Review: ‘Manchester by the Sea’ is as Subtle as it is Shattering
For an Oscar hopeful, writer/director Kenneth (You Can Count On Me, Margaret) Lonergan’s wry, wrenching drama begins in about as mundane a manner as can be.
In a role earmarked for Matt Damon, who produces, Casey Affleck plays Lee Chandler, a glum Boston janitor for whom beer and bar fights provide life’s only fleeting pleasures. Think: Good Will Hunting, sans mates and maths.
When his older brother Joe (Kyle Chandler) dies, Lee is called back to his hometown, the eponymous Massachusetts port, to play guardian to his 16-year-old nephew, Patrick (Lucas Hedges), even though – as Lee protests -“I’m just the back up.” There’s no easy redemption here, and the pair’s interactions are alternately frosty, funny and awkward, with Lee’s depressed diffidence threatening to suffocate the whole film – until, that is, what’s really wrong becomes apparent.
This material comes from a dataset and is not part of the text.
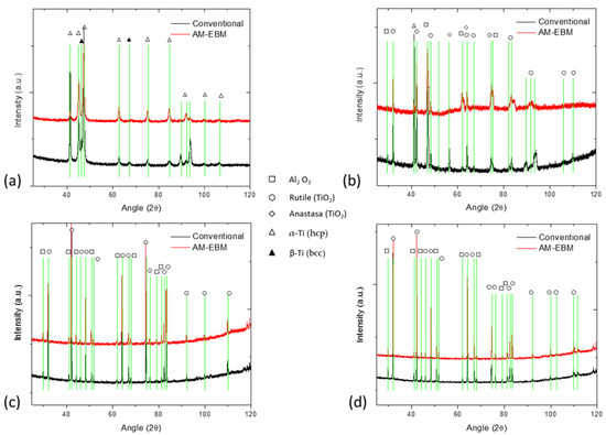 As the oxidation temperature increased from 800 to 900 °C, the corresponding peaks of the Anastasa lattice disappeared, being transformed to Rutilo (reference pattern 98-002-2025, EBM and 98-006-2534, conventional samples), and along with Al2O3 (reference pattern 01-071-1683 to EBM and conventional samples) peaks become more defined. The intensity and position of the peaks are the same for both temperatures (see Figure 3c,d). This may be explained by the thermodynamics, since temperatures higher than 700 °C can be more favorable for the formation of Al2O3. Peaks corresponding to the base material (i.e., HCP or BCC) were not observed in this XRD pattern and this could be attributed to the X-ray not able to penetrate the OL and detect the base material [47]. Here the diffusion of aluminum toward OL on the surface reduced the amount of dissolved oxygen available to react with titanium [48,49,50,51]. Thus, at temperatures of 800 and 900 °C, the oxidized surface consisted mainly of rutile-type TiO2 and Al2O3.
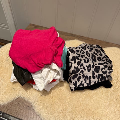 Klespakke i str L, selges for kr 500,-. Pakken inneholder 10 topper. Noen er ubrukte og resten er pent og lite brukt.

As a broken man trapped in a situation he can’t shrug or slug his way out of, Affleck has never been better. Hedges, who looks just like Damon, excels as his horny, angry charge. And Michelle Williams, as Lee’s ex-wife Randi, makes a no-doubt Oscar-winning impression in just a handful of heartfelt scenes. Lonergan, meanwhile, makes clever use of disarming details – mumbled miscommunications, misfiring props, a misplaced car – to undercut any melodrama.
What emerges is as subtle as it is shattering: ordinary, unshowy and, underneath, red raw with real feelings. If, as one critic noted, Lee has no Good Will Hunting-style “It’s not your fault” moment, that’s because, a) life’s never that simple, and b) it’s just not that type of film.